代号为“亘白(Bianco)”的同志近来负责处置的是自称“共和之心”的第10区学生地下抵抗运动组织——用“处置”来形容似乎过于残忍无情了一些,毕竟从目的上来说,他们应当是不折不扣的同志。然而他们太年轻,冲动、躁进,天真地冀望于制造一些轰动的社会事件,便可以迫使庞大的帝国将视线转向他们,迫使它看见和思考他们的诉求,容许他们拥有他们本来应当享有的权利——自治。柯西莫一直在试图联系这个组织的首脑,或者至少是能在内部说得上话的人,可这些年轻人似乎欠缺一个明确的组织形式,多半只是看过私下传阅的地下刊物之后便热血上脑,将那颗火热的忠诚的心捏成粗糙的土制炸药,打算绽放在哪片帝国知名的地标上。从四月至今,短短三个月的时间里他们已经劝阻——必要的时候,也会动用稍微强硬一些的手段——劝阻了好几起这样的行动。几乎每一起背后都有帝国情报处,或者更精准些,都有艾娥尼·玛瑟森的人伸长鼻子守在那里。令人很难不怀疑“回音室”明火执仗的意图:很显然他们试图以这些有勇无谋的学生为饵,钓出些更大的鱼来。
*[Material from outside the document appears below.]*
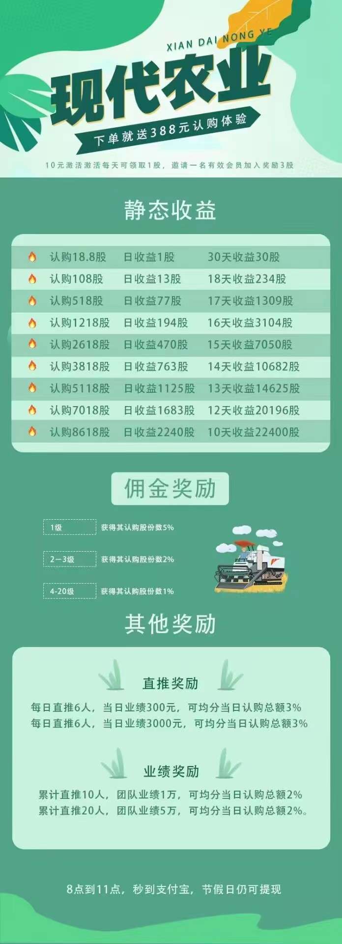 正文 现在农业,注册就送388元,没分红,速度上车! zxc6522320 V评论者 /2023-06-29 15:08:48 /2687 阅读 0629 仅需18.8元就能开始认购摩根基金,注册就送388,体验基金,每日分红股份,市场自由交易分红模式推荐会员认购,只要下级认购均有股份分红,下级会员1-20级以内认购均有5%-1%分红。其他奖励除了下级认购分红以外,平台还设有直推奖励,以及业绩奖励,每天晚上12点达标用户自动分红。交易说明每日股份分红后,可以直接提现,每日提现时间为8:00-2300,提现无手续费秒到支付宝

不算最好,但至少没那么令人绝望的消息:学生们倒也不至于一意孤行到完全不带脑子的程度。在吃了几堑之后,不知是自己琢磨出了味儿不对,还是柯西莫的信件终于被传递到了正确的人手里,这些前赴后继的小恐怖分子们行动频率显著地降了下来,总算是能让焦头烂额几个月的复国阵线停下来喘口气。
“我休息。叫柯西莫自己去擦这个屁股。”
在几行简明扼要的任务进展与情报汇编下方,一行蓝墨水的手写字留在页边上,力透纸背,旁边附着熟悉的花押。字里行间那股愤懑的抱怨劲儿叫安娜没忍住“噗嗤”一下笑出了声。她的脑子里几乎可以浮现出“亘白”——拉法耶莱·莫雷蒂——充满讥讽地挑起眉尾的样子。真是辛苦他了,可这件事除了他其他人确实也做不到那样妥帖。
安娜仍然笑着,对着那张薄纸翕动嘴唇,无声地道一句旧翡泠翠语的“谢谢”,也不知是说给谁听。随后她擦燃打火机,点着这张薄纸。火焰快速地吞没上面手写和机打的墨迹,在她桌角的白瓷咖啡碟里化作一小撮无法辨识的黑灰。安娜推动轮椅来到窗边,拉起百叶窗,将碟中的纸灰小心地倒进窗台上的花盆。花盆里的丁香生得郁郁葱葱,这时节花期已经过去,不过繁茂的枝叶足以覆盖埋进土壤里的少量纸灰,一点痕迹也不会留下。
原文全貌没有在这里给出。